Beberapa pengguna menilai kegiatan tersebut kurang relevan dengan kebutuhan nyata calon pasangan.
“Pak buk kayaknya saya lebih butuh konseling pra-nikah yang mendalam, bukan sekadar yel-yel. Idealnya ada ahli konseling keluarga, psikolog, atau perencana keuangan yang bisa membantu membekali calon pasangan menghadapi tantangan nyata—seperti komunikasi, konflik, ekonomi, kesehatan mental, peran gender, hingga parenting. Yel-yel boleh aja sebagai ice breaker, tapi harus ada materi yang benar-benar substantif dan bermanfaat,” tulis komentar akun @in***n**g.

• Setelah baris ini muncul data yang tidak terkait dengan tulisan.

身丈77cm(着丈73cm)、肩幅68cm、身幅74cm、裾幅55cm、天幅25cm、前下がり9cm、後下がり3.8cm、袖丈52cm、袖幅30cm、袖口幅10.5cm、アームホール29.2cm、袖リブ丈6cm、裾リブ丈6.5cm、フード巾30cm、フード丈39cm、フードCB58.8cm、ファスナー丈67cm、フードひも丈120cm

“Manfaatnya apa? Nanyaa seriuss,” ujar akun @ar**va**p.
“Semoga tepuk-tepuknya ini cuma biar nggak ngantuk aja yaa. Bukan ini konselingnya,” tambah akun @te***sc***cob***.
Menanggapi ramainya diskusi, akun @happydibby pun memberikan klarifikasi bahwa yel-yel ini memang hanya bagian kecil dari ice breaking dalam sesi bimbingan, bukan inti dari materi yang diberikan. Menurutnya, bimbingan pra-nikah tetap menyajikan materi mendalam seputar rumah tangga, sementara yel-yel hanyalah selingan untuk mencairkan suasana agar tidak monoton.
Kontroversi seputar yel-yel “Kakek-Nenek Pijit-Pijitan” ini akhirnya memunculkan diskusi publik yang lebih luas mengenai idealnya isi bimbingan pra-nikah. Sebagian berharap kegiatan tersebut bisa lebih fokus pada pembekalan praktis seperti komunikasi pasangan, manajemen konflik, hingga perencanaan keuangan keluarga, tanpa meninggalkan nuansa hangat dan menyenangkan di dalamnya.